TASK INSTRUCTIONS -> Would you return exactly the lines below from the line with "واستغلّ اللصوص هذه" through the line with "Perro | Es un", both included, and nothing else, leaving out the pictures?

PROVIDED ENTRIES ->
___

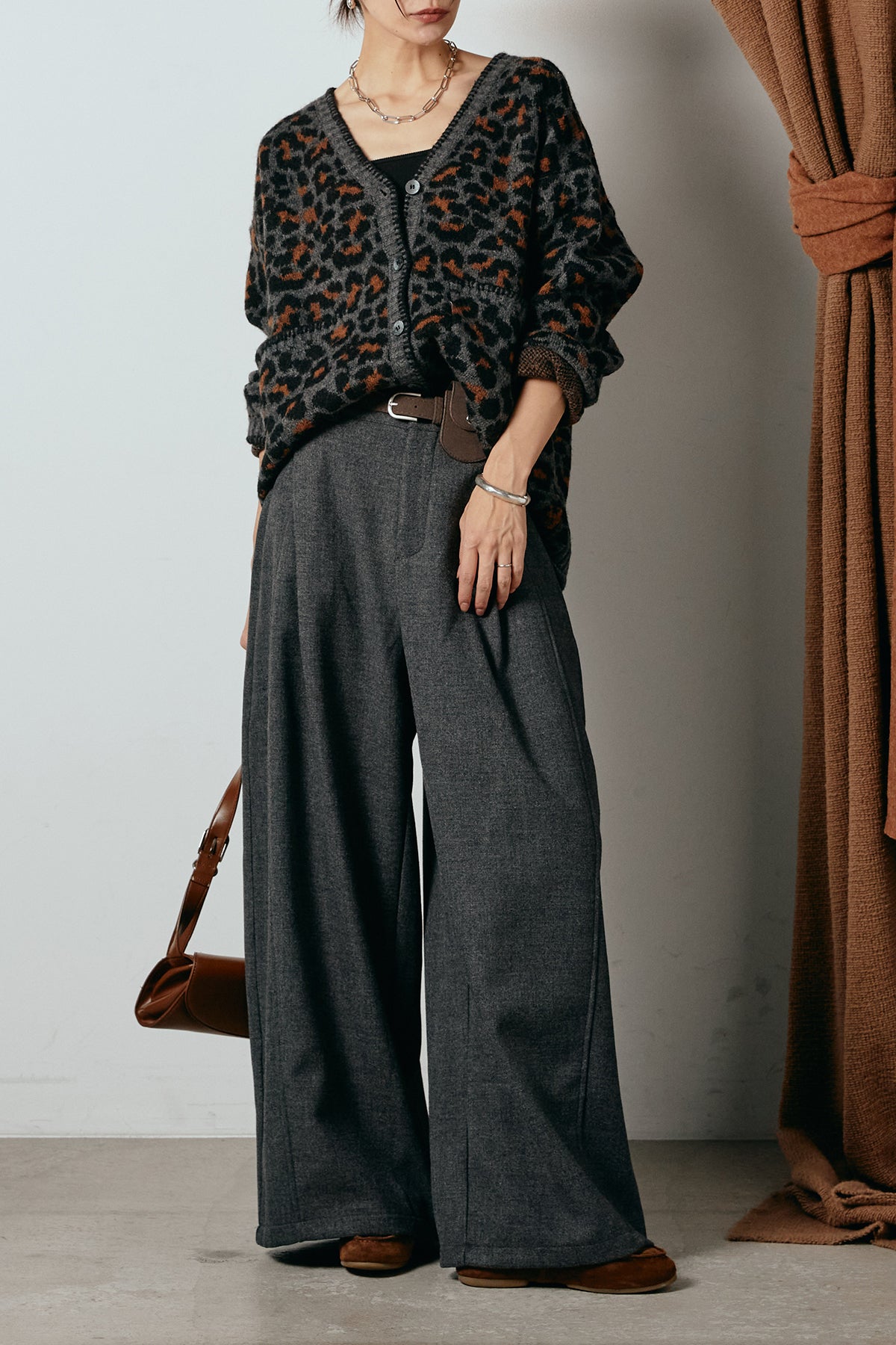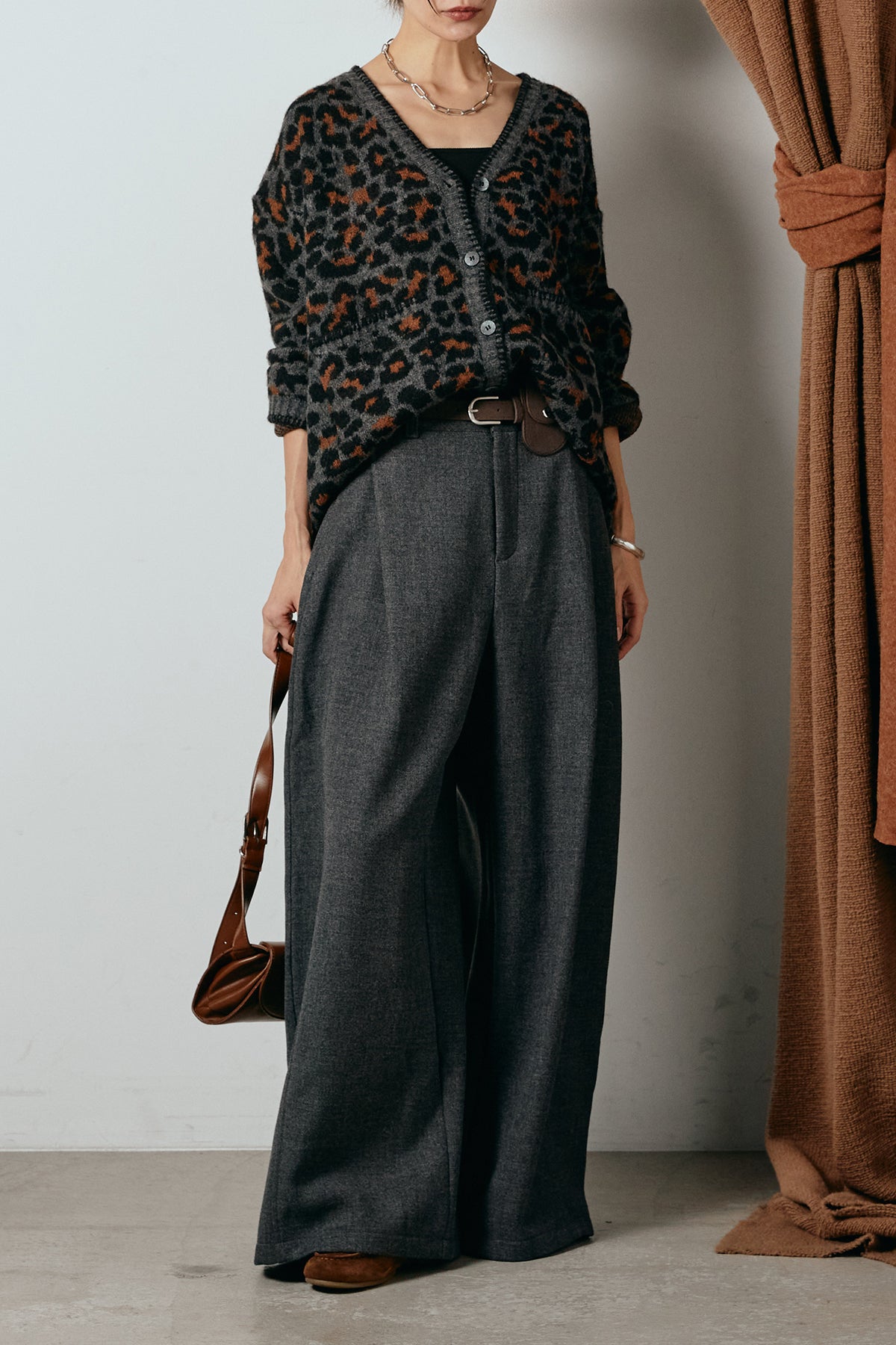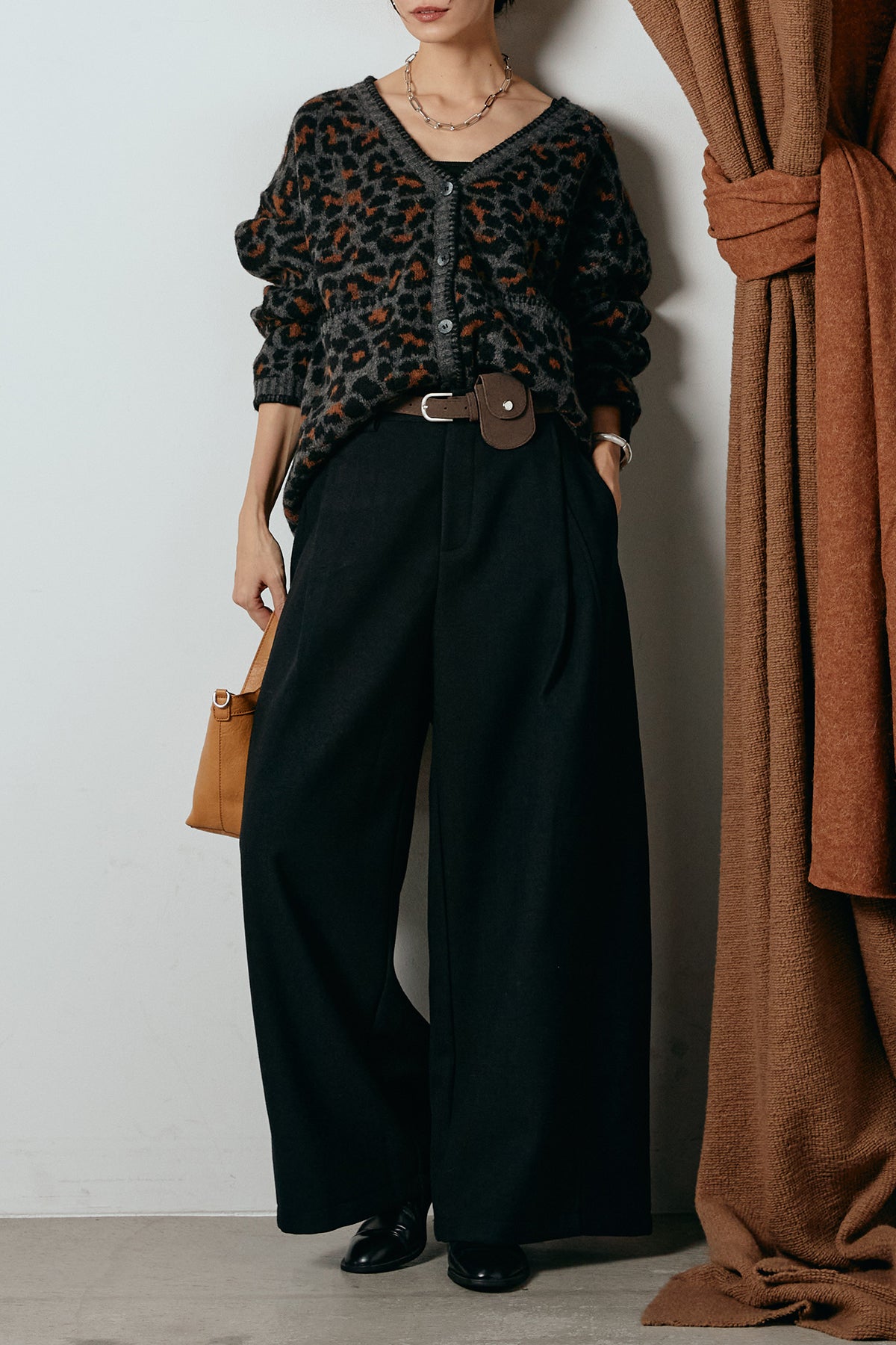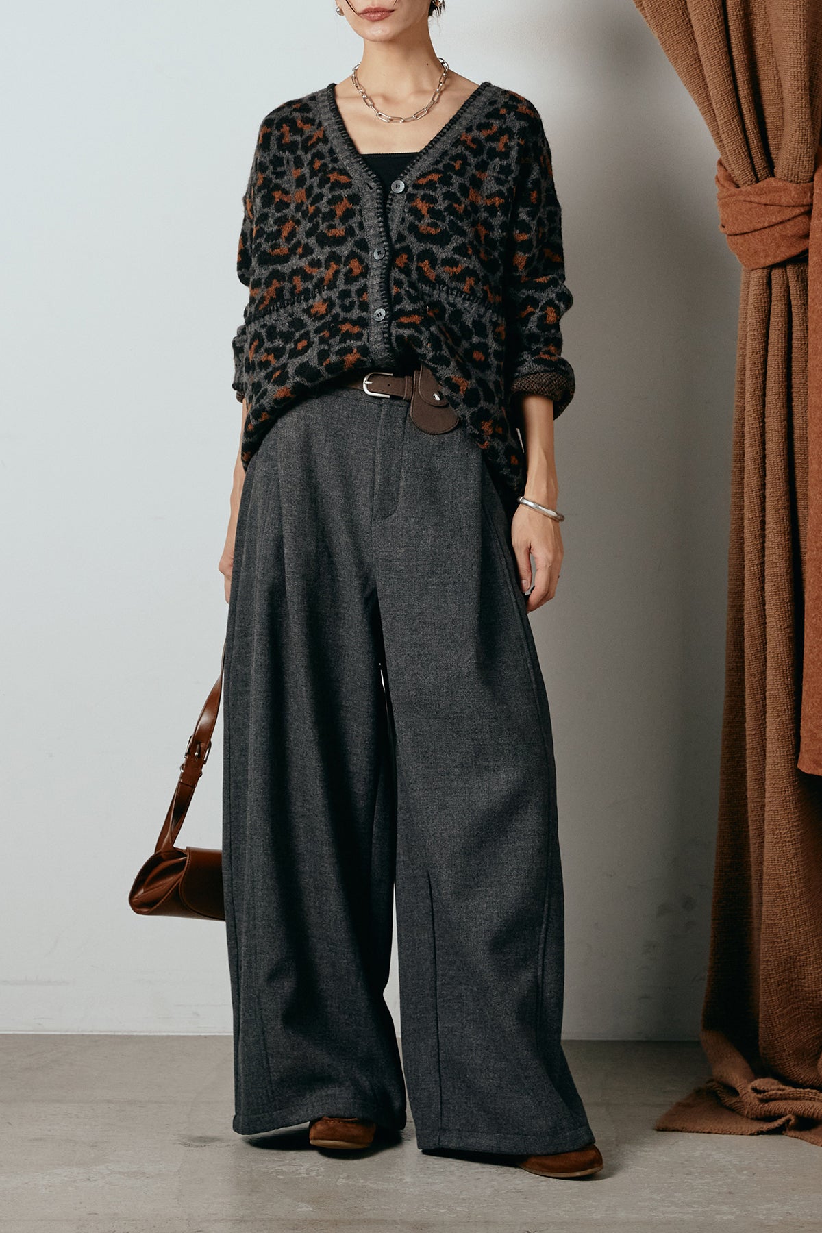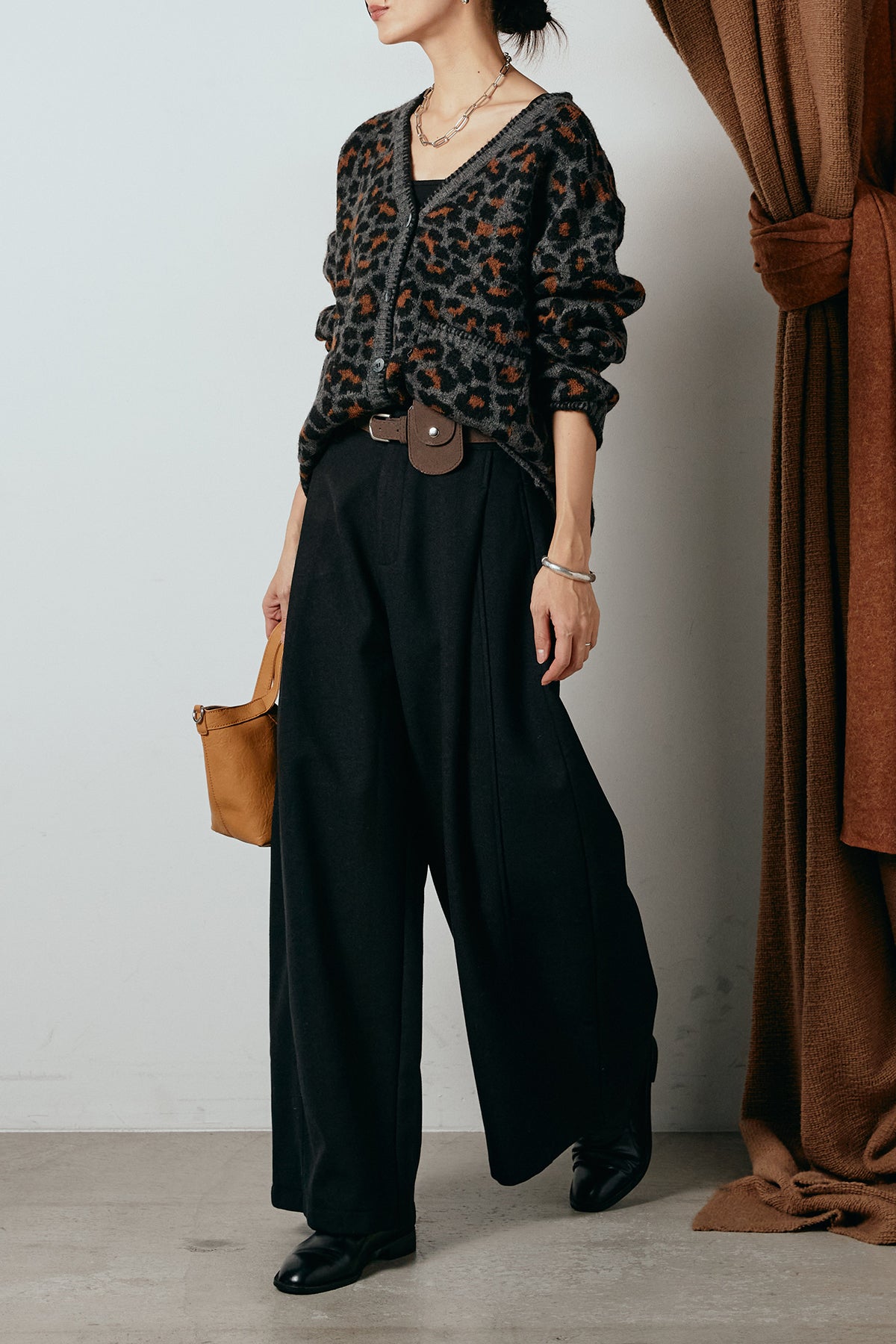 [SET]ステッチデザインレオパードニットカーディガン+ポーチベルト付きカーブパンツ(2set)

___

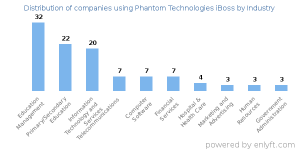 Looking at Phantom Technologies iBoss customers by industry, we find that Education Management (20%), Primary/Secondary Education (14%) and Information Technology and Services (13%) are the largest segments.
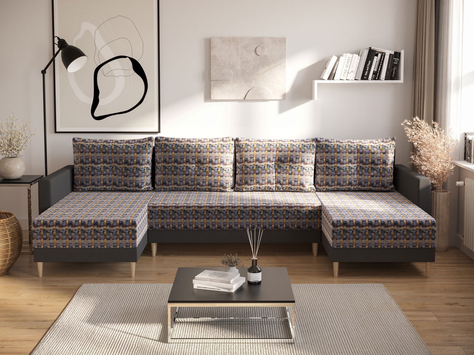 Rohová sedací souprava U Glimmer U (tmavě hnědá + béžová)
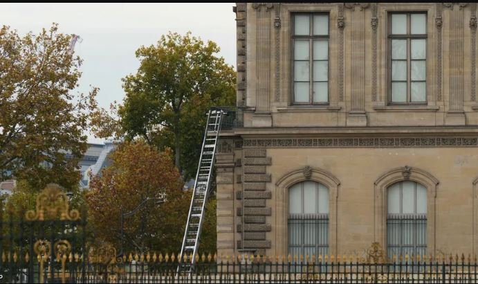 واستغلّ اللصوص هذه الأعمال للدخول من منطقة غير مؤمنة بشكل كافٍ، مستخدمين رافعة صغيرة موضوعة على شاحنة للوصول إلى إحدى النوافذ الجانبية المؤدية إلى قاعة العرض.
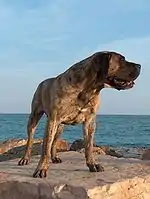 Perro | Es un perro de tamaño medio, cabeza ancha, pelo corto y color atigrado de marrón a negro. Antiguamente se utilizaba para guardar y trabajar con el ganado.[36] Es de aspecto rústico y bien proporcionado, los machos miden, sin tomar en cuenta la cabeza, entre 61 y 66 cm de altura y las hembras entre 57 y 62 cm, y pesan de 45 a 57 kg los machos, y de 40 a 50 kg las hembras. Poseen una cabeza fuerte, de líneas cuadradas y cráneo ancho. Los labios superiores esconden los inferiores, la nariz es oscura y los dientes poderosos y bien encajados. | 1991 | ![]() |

___

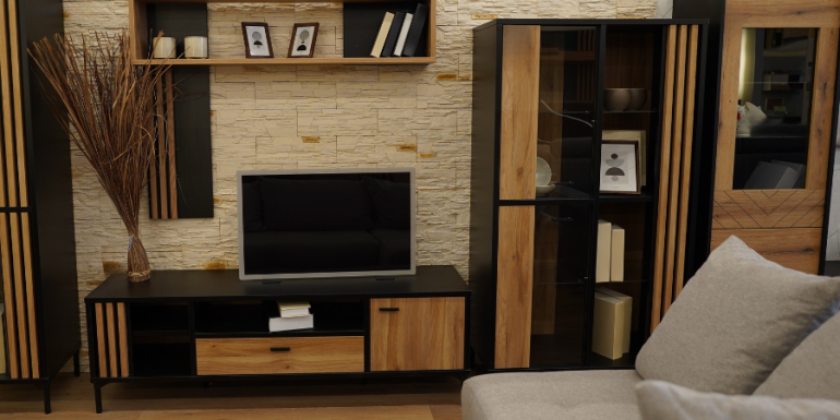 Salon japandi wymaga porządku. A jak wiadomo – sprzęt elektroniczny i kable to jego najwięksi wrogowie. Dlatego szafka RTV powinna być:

___

TASK RESPONSE ->
 واستغلّ اللصوص هذه الأعمال للدخول من منطقة غير مؤمنة بشكل كافٍ، مستخدمين رافعة صغيرة موضوعة على شاحنة للوصول إلى إحدى النوافذ الجانبية المؤدية إلى قاعة العرض.
 Perro | Es un perro de tamaño medio, cabeza ancha, pelo corto y color atigrado de marrón a negro. Antiguamente se utilizaba para guardar y trabajar con el ganado.[36] Es de aspecto rústico y bien proporcionado, los machos miden, sin tomar en cuenta la cabeza, entre 61 y 66 cm de altura y las hembras entre 57 y 62 cm, y pesan de 45 a 57 kg los machos, y de 40 a 50 kg las hembras. Poseen una cabeza fuerte, de líneas cuadradas y cráneo ancho. Los labios superiores esconden los inferiores, la nariz es oscura y los dientes poderosos y bien encajados. | 1991 | ![]() |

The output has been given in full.